Ben Hamilton    January 24th, 2023


It is believed the publicity stunt outside the Turkish Embassy in Stockholm on Saturday could be damaging to Sweden’s bid to join NATO

Lawyer and failed politician Rasmus Paludan (photo: YouTube screenshot)

Lars Løkke Rasmussen, the foreign minister, has condemned the actions of Rasmus Paludan in Stockholm on Saturday, where he burned the Koran in the vicinity of the Turkish embassy.

Rasmussen referred to Paludan as a “Danish-Swedish” national, but he is Danish-raised, and it was in Denmark that he trained and worked as a lawyer before becoming a full-time agitator in the build-up to the 2019 Danish General Election, where his party Stram Kurs failed to win any seats.

If you thought he had disappeared off the radar since then, you’d be wrong, as he upped sticks to Sweden where he swiftly obtained a passport through one of his parents.

His burning outside the embassy is the latest in a long line of publicity stunts, which have now been ongoing for three years: ahead of his bid to win representation in the Swedish Parliament last year, and now in the aftermath of another failure.

Shameful actions
Rasmussen described Paludan’s actions on Saturday as both “shameful” and “shameful”. 

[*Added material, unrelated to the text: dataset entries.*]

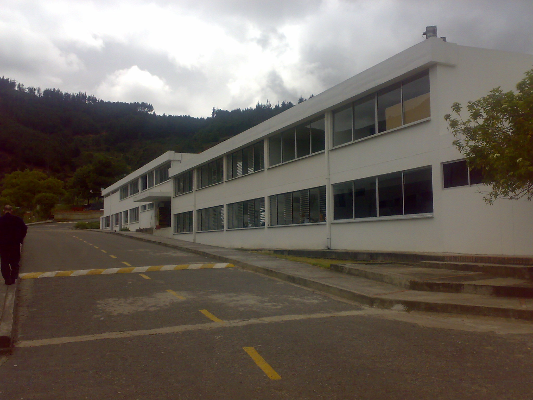 University of Pamplona - Camilo Daza Building - Pamplona, Norte de Santander - COLOMBIA
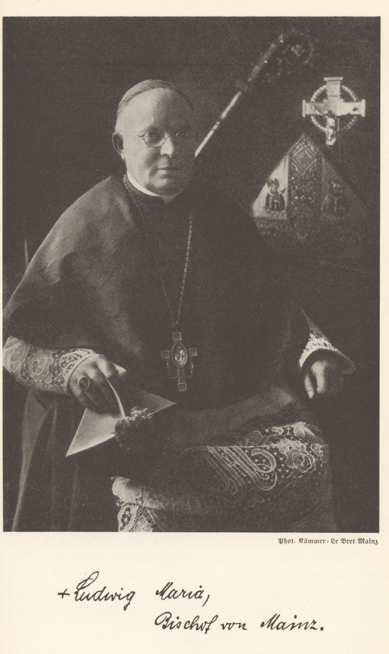 Bischof Ludwig Maria Hugo, Mainz
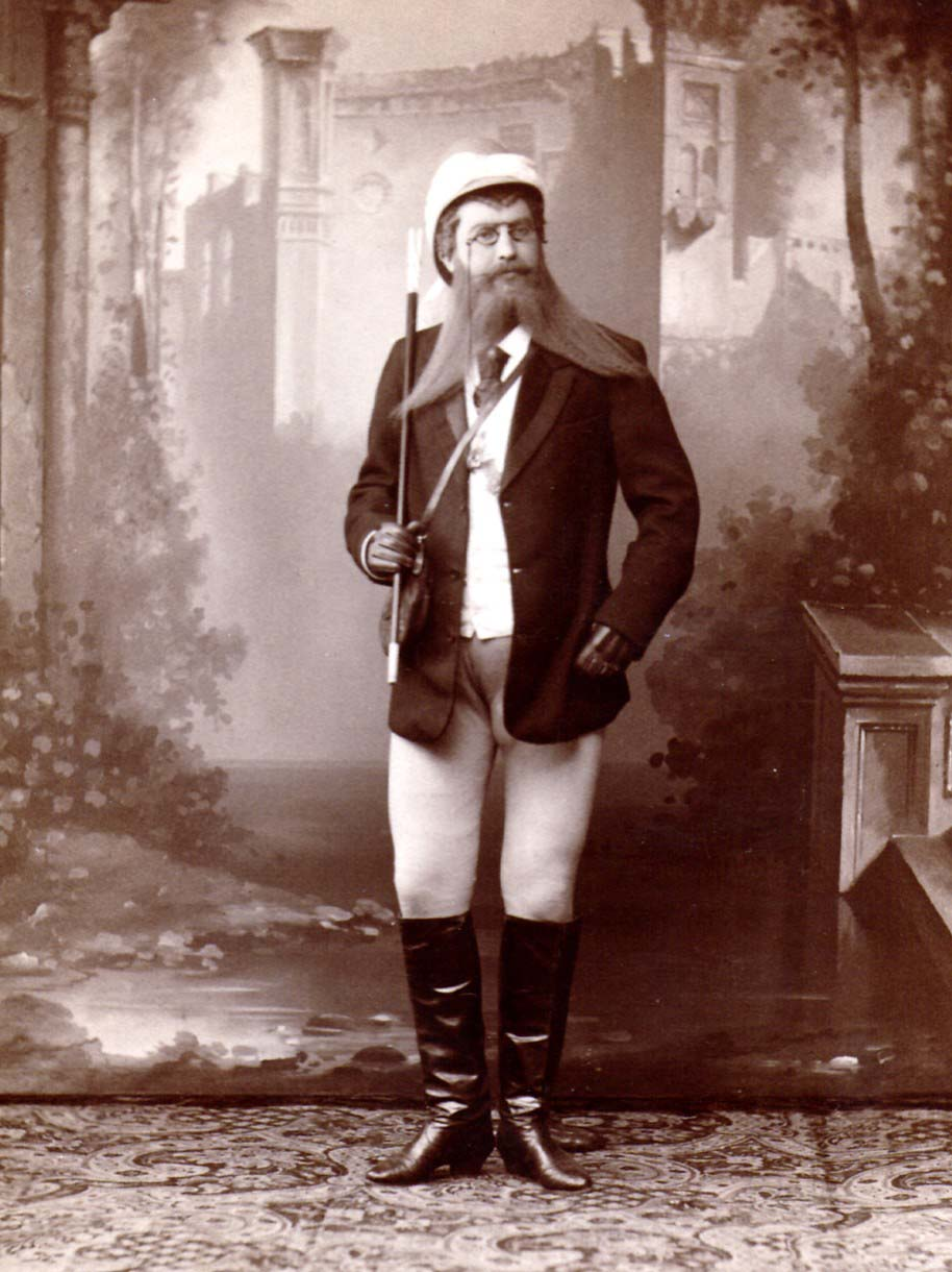 Photo of Russian opera singer Petr Lodiy (1855-1920)
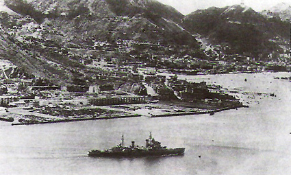 The Royal Navy cruiser HMS Swiftsure (08), entering Victoria Harbour, Hong Kong, through North Point on 30 August 1945.
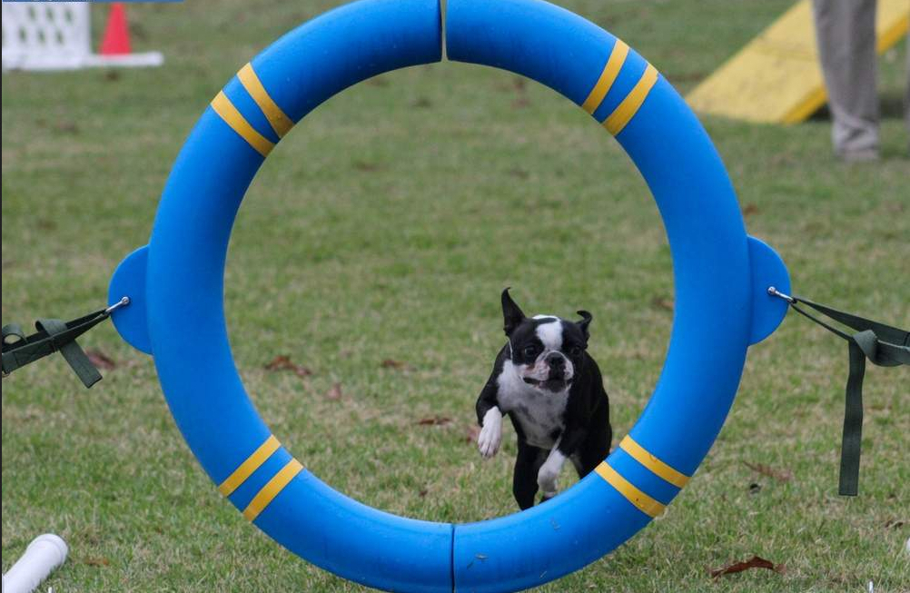 A Boston Terrier performing in the Agility ring
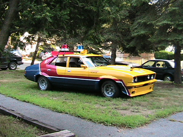 Original Mad Max Interceptor now resides in Massachusetts.
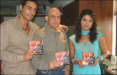 Film hero Arjun Rampal, director Rajiv Rai and heroine Priyanka Chopra promoting the music album of Asambhav.
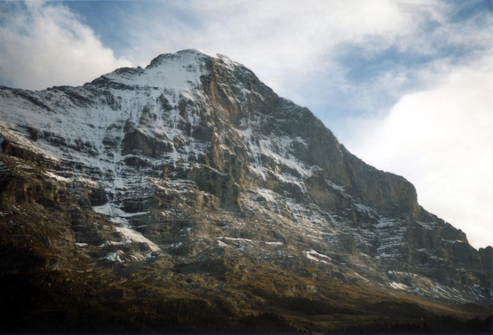 Eiger from a point east and above Grindelwald, view of the NE and NW face (=N-face); left upper ridge is the Mittellegigrat
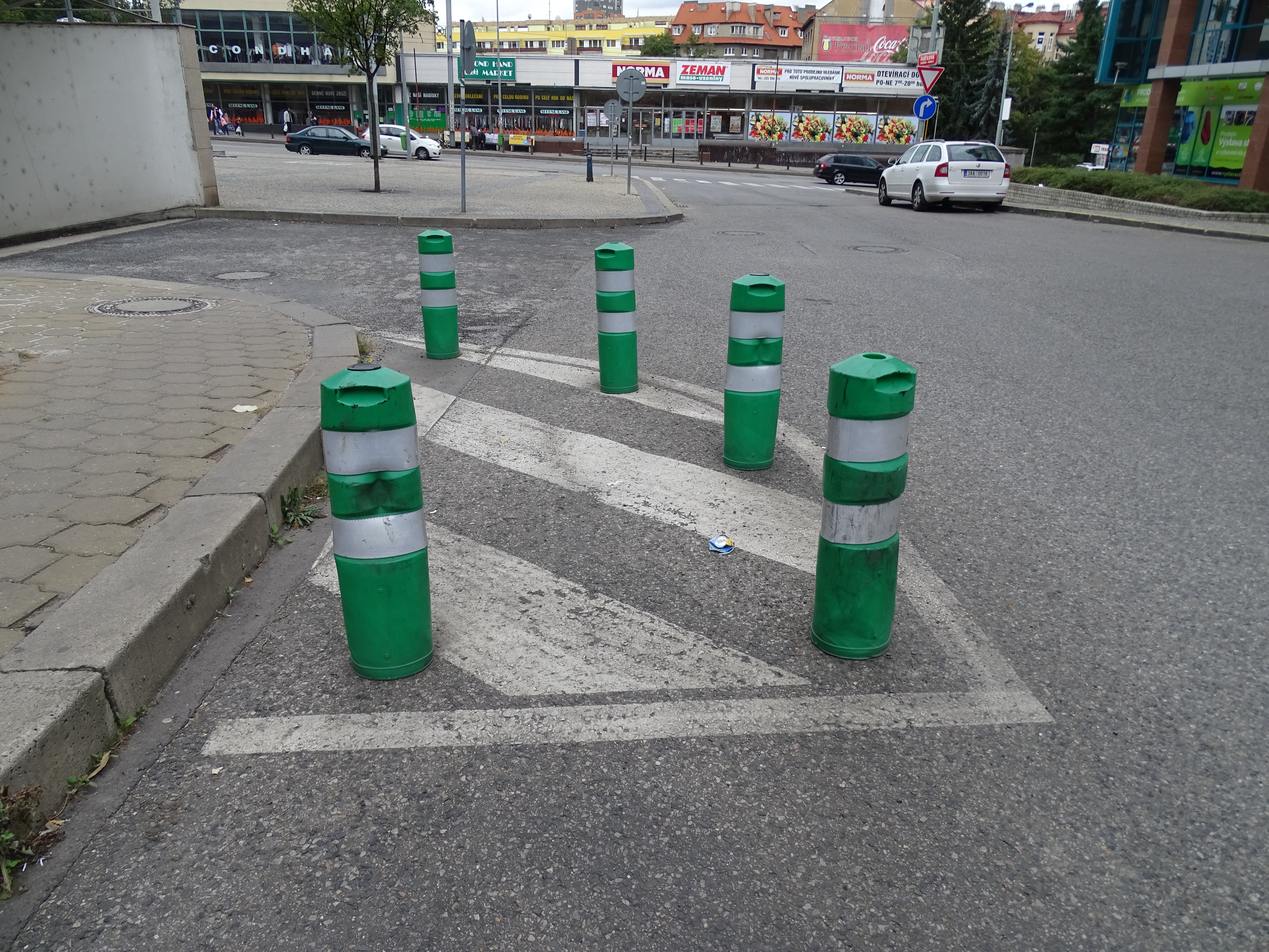 Prague-Vysočany, Czechia. Paříkova street.
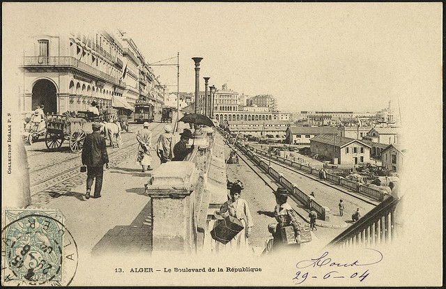 Postcard of Algiers, June 29, 1904 Creator: Idéale Date: June 29, 1904 Accession number: 970031 BOX I Featured in the exhibition, Walls of Algiers: Narratives of the City, May 19 - October 18, 2009 at the Getty Research Institute. Part of the ACHAC (Association Connaissance de l’histoire de l’Afrique contemporaine) collection in the Getty Research Institute Library's special collections. View the finding aid for the ACHAC collection.
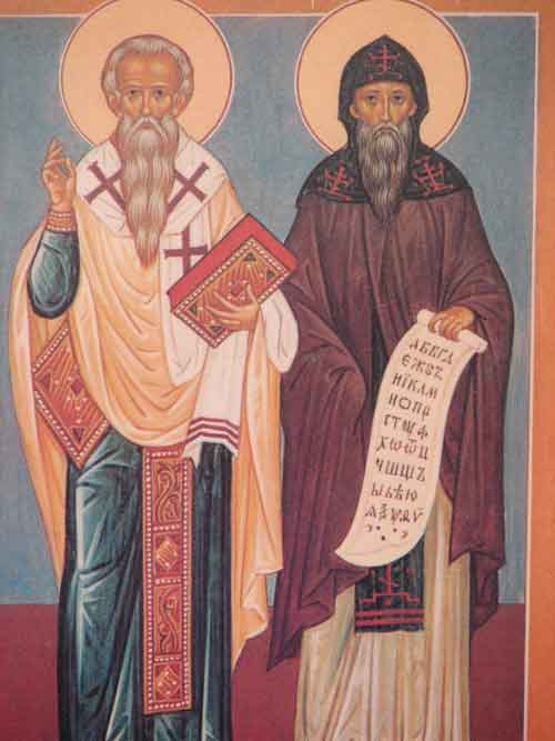 Photo of 20th century icon of Sts. Cyril and Methodius located in the Holy Trinity Monastery, Jordanville, New York; 25K jpg file.

“It is shameful that we have a Danish-Swedish, namely Paludan, who is leading the way. After all, we have experienced this ourselves in a Danish context and have moved on from it,” he said.

“Now it is in Sweden that he is touring. That, I think, is shameful.”

In 2021, Paludan was convicted of racism, but escaped serving time in prison.

Damaging to Sweden’s bid to join NATO
Paludan’s actions could not have worse timed given Sweden’s bid to become a member of NATO, for which it needs the support of the other members.

Turkish President Recep Erdogan on Monday said that his country would not be supporting Sweden’s bid – support that is “very, very important”, according to Rasmussen.

“Living in an open democracy with freedom of expression sometimes comes with a price,” continued Rasmussen.

“So it is a task for us all to explain to our Turkish friends what the conditions are like in an open democracy like the Swedish one.”